A une autre époque, dans un autre temps, Maxime Marotte aurait sûrement pu entrer au panthéon du VTT. Pilote précoce et particulièrement doué, il s’est rapidement révélé comme l’un des meilleurs mondiaux, capable de se hisser dans le top 5 du classement général final de la Coupe du Monde à seulement 24 ans. Mais Maxime Marotte est également un homme malchanceux, rencontrant sur sa route des étoiles du cross-country, des champions imbattables, s’accaparant les victoires d’une manière tout à fait tyrannique. Commençant sous l’ère Julien Absalon, l’alsacien a rapidement vu l’incroyable Nino Shürter s’affirmer en accédant aux cimes du VTT mondial, et enfin le néerlandais Mathieu Van der Poel accéder à son tour au cercle très fermé des triples vainqueurs de manches dans une même saison de coupe du monde.

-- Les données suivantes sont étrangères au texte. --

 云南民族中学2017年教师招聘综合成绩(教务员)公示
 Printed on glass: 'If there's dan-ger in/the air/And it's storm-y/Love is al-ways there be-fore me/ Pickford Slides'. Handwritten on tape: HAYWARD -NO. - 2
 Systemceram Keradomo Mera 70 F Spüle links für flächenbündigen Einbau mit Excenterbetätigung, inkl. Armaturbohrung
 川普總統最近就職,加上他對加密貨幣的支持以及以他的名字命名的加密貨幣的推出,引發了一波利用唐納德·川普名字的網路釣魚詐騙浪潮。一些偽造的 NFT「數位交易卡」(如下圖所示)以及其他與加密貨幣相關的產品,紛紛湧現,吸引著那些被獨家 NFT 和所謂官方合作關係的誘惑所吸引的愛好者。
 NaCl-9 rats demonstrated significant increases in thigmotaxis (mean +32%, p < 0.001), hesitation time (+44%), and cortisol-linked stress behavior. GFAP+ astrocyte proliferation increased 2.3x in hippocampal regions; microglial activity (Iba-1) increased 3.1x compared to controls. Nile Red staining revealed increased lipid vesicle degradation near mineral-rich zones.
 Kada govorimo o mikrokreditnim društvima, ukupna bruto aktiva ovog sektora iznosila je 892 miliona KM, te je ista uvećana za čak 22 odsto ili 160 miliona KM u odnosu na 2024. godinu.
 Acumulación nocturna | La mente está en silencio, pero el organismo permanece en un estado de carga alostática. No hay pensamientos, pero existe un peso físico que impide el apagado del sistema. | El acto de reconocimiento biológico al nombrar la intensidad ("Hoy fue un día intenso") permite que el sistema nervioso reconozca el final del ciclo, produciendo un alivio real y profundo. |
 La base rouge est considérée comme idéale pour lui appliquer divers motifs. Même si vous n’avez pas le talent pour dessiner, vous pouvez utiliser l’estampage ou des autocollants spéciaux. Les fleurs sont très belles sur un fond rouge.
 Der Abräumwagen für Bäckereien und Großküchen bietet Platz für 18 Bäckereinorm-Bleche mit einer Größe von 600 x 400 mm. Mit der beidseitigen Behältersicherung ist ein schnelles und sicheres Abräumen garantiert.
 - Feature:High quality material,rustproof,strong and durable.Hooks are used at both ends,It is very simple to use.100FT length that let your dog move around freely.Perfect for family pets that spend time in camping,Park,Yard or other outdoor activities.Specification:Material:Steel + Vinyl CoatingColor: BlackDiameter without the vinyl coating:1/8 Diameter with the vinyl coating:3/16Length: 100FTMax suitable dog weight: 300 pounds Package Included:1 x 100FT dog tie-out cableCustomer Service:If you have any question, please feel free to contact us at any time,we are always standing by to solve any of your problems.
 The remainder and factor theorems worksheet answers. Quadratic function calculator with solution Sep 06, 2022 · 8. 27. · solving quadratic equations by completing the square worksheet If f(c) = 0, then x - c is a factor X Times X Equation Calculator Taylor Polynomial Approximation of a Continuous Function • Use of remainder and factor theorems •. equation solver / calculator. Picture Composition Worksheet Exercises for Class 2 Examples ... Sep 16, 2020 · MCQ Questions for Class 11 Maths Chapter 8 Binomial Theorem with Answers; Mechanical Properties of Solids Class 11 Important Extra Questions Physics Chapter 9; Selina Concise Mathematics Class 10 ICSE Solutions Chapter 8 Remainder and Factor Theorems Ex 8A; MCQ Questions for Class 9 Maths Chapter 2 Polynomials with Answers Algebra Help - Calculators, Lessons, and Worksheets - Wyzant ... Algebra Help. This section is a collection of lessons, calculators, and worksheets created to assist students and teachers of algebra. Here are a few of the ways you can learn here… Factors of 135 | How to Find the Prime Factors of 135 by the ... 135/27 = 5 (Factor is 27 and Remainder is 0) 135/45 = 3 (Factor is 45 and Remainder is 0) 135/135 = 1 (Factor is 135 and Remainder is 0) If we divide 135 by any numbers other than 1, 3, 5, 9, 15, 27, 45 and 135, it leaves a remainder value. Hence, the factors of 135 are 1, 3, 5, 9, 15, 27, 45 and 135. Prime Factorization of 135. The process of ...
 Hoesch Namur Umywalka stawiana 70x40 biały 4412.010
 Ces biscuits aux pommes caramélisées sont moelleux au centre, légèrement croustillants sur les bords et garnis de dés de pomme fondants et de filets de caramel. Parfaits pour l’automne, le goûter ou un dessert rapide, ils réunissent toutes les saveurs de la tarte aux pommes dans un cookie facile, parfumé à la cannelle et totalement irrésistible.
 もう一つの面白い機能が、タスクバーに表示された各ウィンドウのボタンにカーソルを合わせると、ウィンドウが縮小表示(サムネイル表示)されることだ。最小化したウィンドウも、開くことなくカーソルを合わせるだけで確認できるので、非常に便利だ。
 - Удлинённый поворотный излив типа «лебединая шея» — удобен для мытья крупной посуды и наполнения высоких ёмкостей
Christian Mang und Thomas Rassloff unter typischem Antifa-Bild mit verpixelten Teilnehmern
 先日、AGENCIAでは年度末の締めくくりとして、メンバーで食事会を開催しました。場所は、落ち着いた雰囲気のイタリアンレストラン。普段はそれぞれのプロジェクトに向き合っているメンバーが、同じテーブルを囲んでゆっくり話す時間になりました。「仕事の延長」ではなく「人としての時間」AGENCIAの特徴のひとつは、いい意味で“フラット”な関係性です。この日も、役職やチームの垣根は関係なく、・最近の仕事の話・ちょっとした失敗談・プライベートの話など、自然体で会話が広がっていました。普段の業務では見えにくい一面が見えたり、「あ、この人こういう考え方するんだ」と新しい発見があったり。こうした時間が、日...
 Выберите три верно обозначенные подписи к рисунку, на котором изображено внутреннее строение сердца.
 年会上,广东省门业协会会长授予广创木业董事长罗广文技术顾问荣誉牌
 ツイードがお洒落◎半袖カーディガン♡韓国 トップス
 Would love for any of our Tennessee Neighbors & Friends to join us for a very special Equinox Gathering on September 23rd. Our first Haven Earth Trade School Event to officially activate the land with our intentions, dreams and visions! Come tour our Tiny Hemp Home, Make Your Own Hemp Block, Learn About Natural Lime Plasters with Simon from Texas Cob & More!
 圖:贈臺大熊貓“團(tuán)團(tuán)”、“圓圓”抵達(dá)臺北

Toute sa carrière, Maxime Marotte a donc lutté parmi « les autres » pour en devenir le meilleur, derrière les envolées ahurissantes des monstres de son sport, dans un peloton au niveau relevé et au rythme relevé. D’ailleurs, dès 2010, l’alsacien s’affirme dans cette compétition pour les accessits. Longtemps gêné par une luxation de l’épaule en 2009, il effectue alors sa saison de pleine forme dans le prestigieux monde des élites. Surprenant par ses performances, il parvient à se classer deuxième des championnats de France, laissant la médaille d’or à l’intouchable Julien Absalon. De plus, cette année est également révélatrice de ses qualités au plus haut niveau. Coureur particulièrement endurant, il dévoile de beaux atouts en termes d’endurance, en remportant notamment l’épreuve nationale de VTT Marathon. Toutefois peu explosif, il est mis en difficulté par le punch de concurrents comme Alexis Vuillermoz. Ce manque à gagner le contraindra durant toute sa carrière, malgré des progrès notables effectués dans ce domaine.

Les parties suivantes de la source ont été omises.